::: Supplied information :::
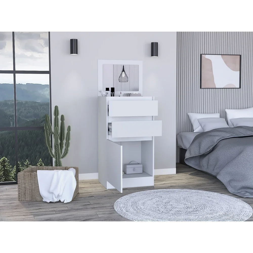 La Cómoda Ives se distingue por su diseño práctico y multifuncional, combinando lo mejor de una cómoda y un tocador en una sola pieza. Con dos cajones equipados con correderas telescópicas, ofrece un almacenamiento cómodo y accesible para tus pertenencias. En la parte inferior, cuenta con un espacio cerrado para guardar objetos más grandes o menos utilizados. Lo más innovador es su parte superior, que oculta un espejo bajo la tapa, junto con un espacio organizado ideal para tus productos de belleza o accesorios, permitiendo que esta cómoda también funcione como un práctico tocador. La Cómoda Ives es la solución perfecta para quienes buscan optimizar espacio sin sacrificar estilo ni funcionalidad.
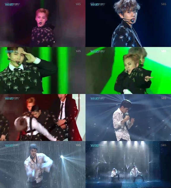 이어 멤버 카이와 세훈은 내리는 빗 속 정열의 댄스 무대로 감성적인 무대를 선보였다.
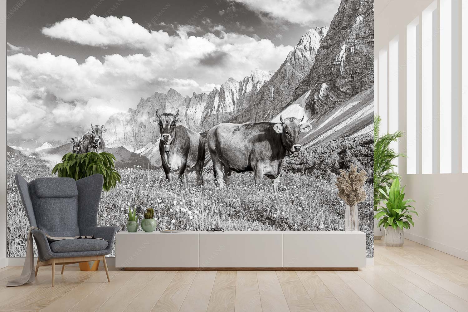 Hochalm II 3:2 sw — Junge Kühe mit Laliderer im Karwendel
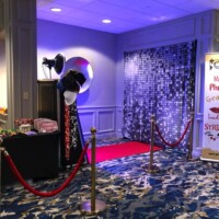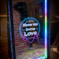 Enchanted Magic Mirror Photo Booths: Regular price: $699 for up to 3 hours of digital service. A booth attendant will provide transport, set up/tear down and troubleshooting, if needed. Unlimited photo sessions for all guests will be available during your rental time, and a full supply of sign props is also provided in every package. All events will receive a digital copy of all photos taken from the night via a download link provided to download all photo copies of your rental to a personal device of your choice. Backdrop options can be added as shown below on this page, as well as upgrading to printed photos on site with a memory book, if desired. With our Enchanted Mirror Booths, 3-4 adult guests will comfortably fit per session; our record number has been 25 “carefully arranged” bodies into one photo! Your guests will be treated to a high-end, full color, interactive experience with “red carpet” treatment leading to an aesthetically pleasing attractive display. The Enchanted Mirror Booth is completely touch screen and guest interactive.
:::
What is expected:
Starting with the top line, write out all the data above exactly; keep the pictures out.

Task result:
 La Cómoda Ives se distingue por su diseño práctico y multifuncional, combinando lo mejor de una cómoda y un tocador en una sola pieza. Con dos cajones equipados con correderas telescópicas, ofrece un almacenamiento cómodo y accesible para tus pertenencias. En la parte inferior, cuenta con un espacio cerrado para guardar objetos más grandes o menos utilizados. Lo más innovador es su parte superior, que oculta un espejo bajo la tapa, junto con un espacio organizado ideal para tus productos de belleza o accesorios, permitiendo que esta cómoda también funcione como un práctico tocador. La Cómoda Ives es la solución perfecta para quienes buscan optimizar espacio sin sacrificar estilo ni funcionalidad.
 이어 멤버 카이와 세훈은 내리는 빗 속 정열의 댄스 무대로 감성적인 무대를 선보였다.
 Hochalm II 3:2 sw — Junge Kühe mit Laliderer im Karwendel
 Enchanted Magic Mirror Photo Booths: Regular price: $699 for up to 3 hours of digital service. A booth attendant will provide transport, set up/tear down and troubleshooting, if needed. Unlimited photo sessions for all guests will be available during your rental time, and a full supply of sign props is also provided in every package. All events will receive a digital copy of all photos taken from the night via a download link provided to download all photo copies of your rental to a personal device of your choice. Backdrop options can be added as shown below on this page, as well as upgrading to printed photos on site with a memory book, if desired. With our Enchanted Mirror Booths, 3-4 adult guests will comfortably fit per session; our record number has been 25 “carefully arranged” bodies into one photo! Your guests will be treated to a high-end, full color, interactive experience with “red carpet” treatment leading to an aesthetically pleasing attractive display. The Enchanted Mirror Booth is completely touch screen and guest interactive.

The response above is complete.